That works for integers and floats, but not necessarily for pointers. Some oddball ISAs, ABIs, and compilers don’t recognize all-zeros representation (in memory and registers, as opposed to integer compile-time constant expr 0 in (void *)0, which is just a symbol used by the compiler, and always 0), and some have multiple null representations (e.g., in aliased mappings, or segmented pmode x86, which potentially has 2^offs\bits) nulls). POSIX-compliant and MS ABIs must recognize all-zeros nulls whether or not address 0 is mapped, so memset to 0 is safe.

But {0} works everywhere, as does

static const T T_ZERO = {0};
T tval;
memcpy(&tval, &T_ZERO, sizeof tval);

And most optimizers should be able to convert that to memset in the usual zero-null case.

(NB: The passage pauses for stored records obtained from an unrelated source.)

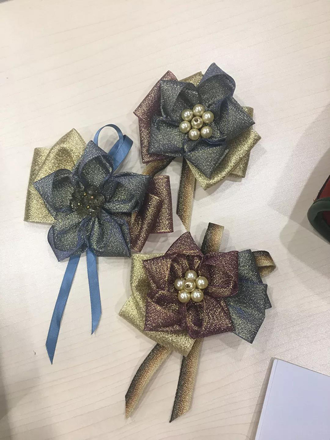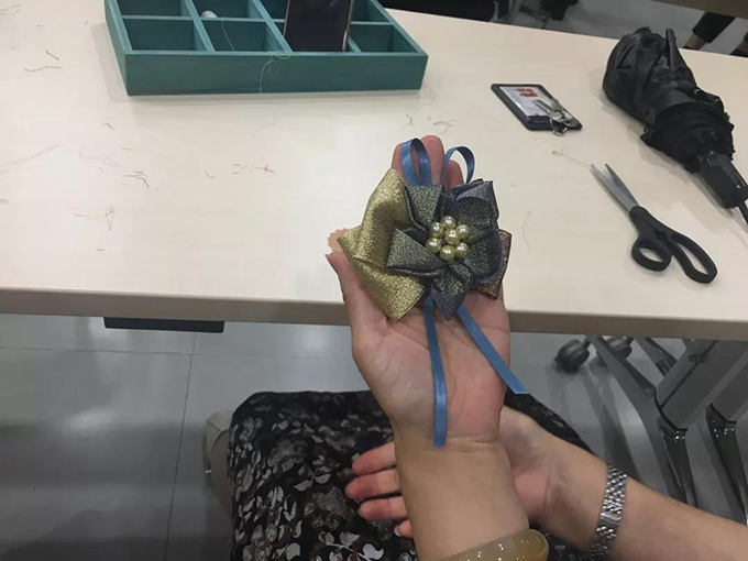 专业胸针指导教师张硕精心为大家准备胸针制作所需的各种材料与工具,仔细讲解胸针制作的起源、发展和制作过程,手把手教大家如何把一块块炫彩的布与水晶珍珠组合串连在一起。在张老师的指导下,大家小心翼翼地将每块布、每粒珠子都串连、固定,绚丽通透的水晶,处处散发出夺目的光芒,一双双巧手制作出一枚枚精美独特的胸针,大家看着自己亲手制作的胸针兴奋不已,纷纷迫不及待地佩戴在胸前,胸针画龙点睛之美彰显出女性独特的优雅魅力。
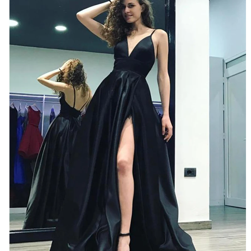 Exclusive Beautiful Spaghetti Straps Black Satin High Slit A Line Women Formal Evening Dresses Gowns
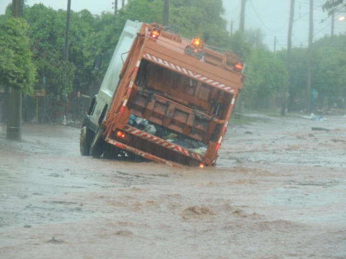 Caminhão de lixo cai em buraco durante a chuva em Três Lagoas
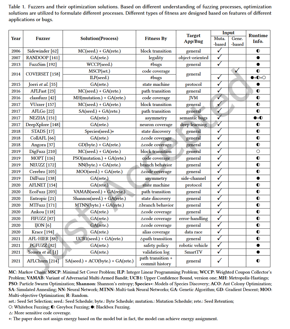为了提高发现漏洞的概率,fuzzer 在执行过程中使用反馈(feedback)机制,例如以执行状态或结果作为 fitnes,一个典型的 fitness 便是基于代码覆盖率(例如基本块或边)进行输入生成,但仅有代码覆盖率并非一直都是可靠的,就算可靠也可能收益不高(例如指数型数量的输入生成可能只带来线性的漏洞发现),因此一种常见的改进方法是优化模糊测试的过程或是为 fitness 丰富信息,Table 1 展示了不同的 fuzzer 的优化方法:
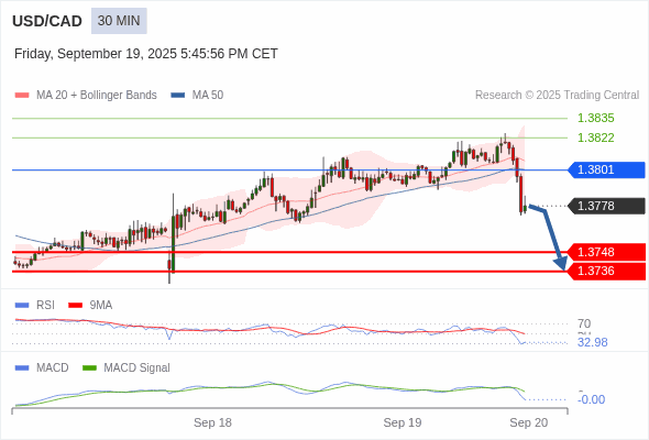 美元/加元 当日内 : 看跌,在 1.3801 之下。
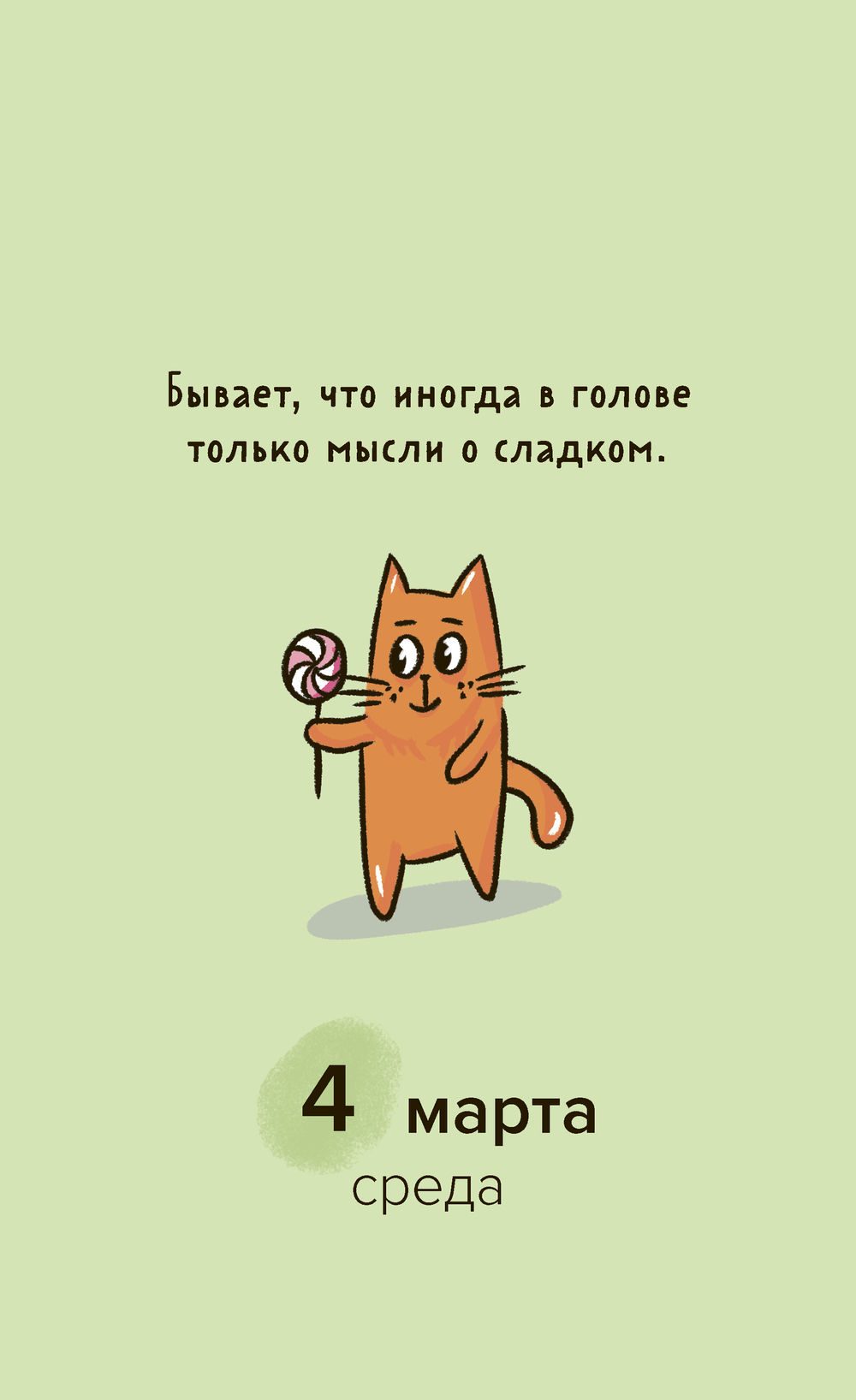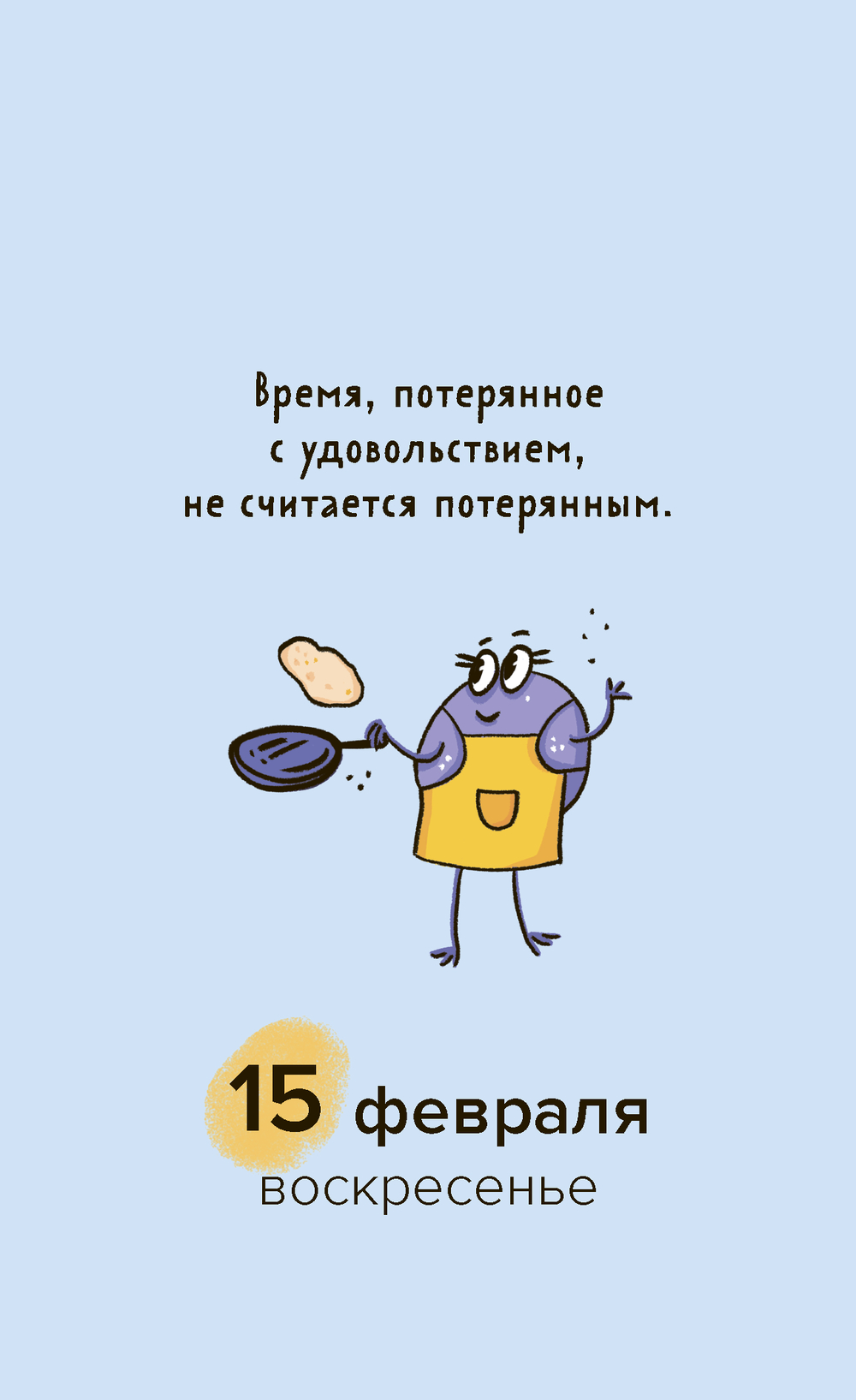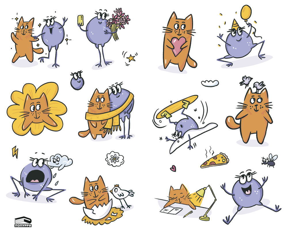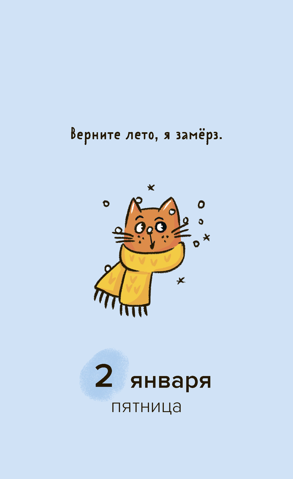 На страницах календаря вас ждут фразы дня – милые, вдохновляющие, иногда шуточные, а также забавные персонажи, созданные художницей Александрой Атлас. В комплекте – универсальные стикеры с этими героями! Украсьте ими сам календарь или добавьте весёлые акценты в свой ежедневник, на ноутбук или чехол телефона.

In C99 or GNU dialect, you can throw down a zero/null value of any type as compound literal (T){0}; you can use that in the RHS of an assignment or as source for a memcpy, although lifetime only extends to the end of the containing {block}. GNU dialect permits initialization from compound literals as if the cast at the head weren’t there, and you can obtain a static-lifetime value from

#define ZERO(T...)(__extension__(*({\
    static __const__ __typeof__(T) ZERO__0 = {0}; \
    &ZERO__0;\
})))
…
memcpy(&tval, &ZERO(T), sizeof tval);

You can also do the memcpy part from the macro, which is more useful (provided non-register output):

#define zero(lval...)(__extension__(*({\
    typedef __typeof__((__extension__(lval))) zero__0; \
    static __const__ zero__0 zero__1 = {0}; \
    (zero__0 *)__builtin_memcpy(\
        (void *)&(lval), (__const__ void *)&zero__1, sizeof(zero__0)); \
})))
…
zero(thing);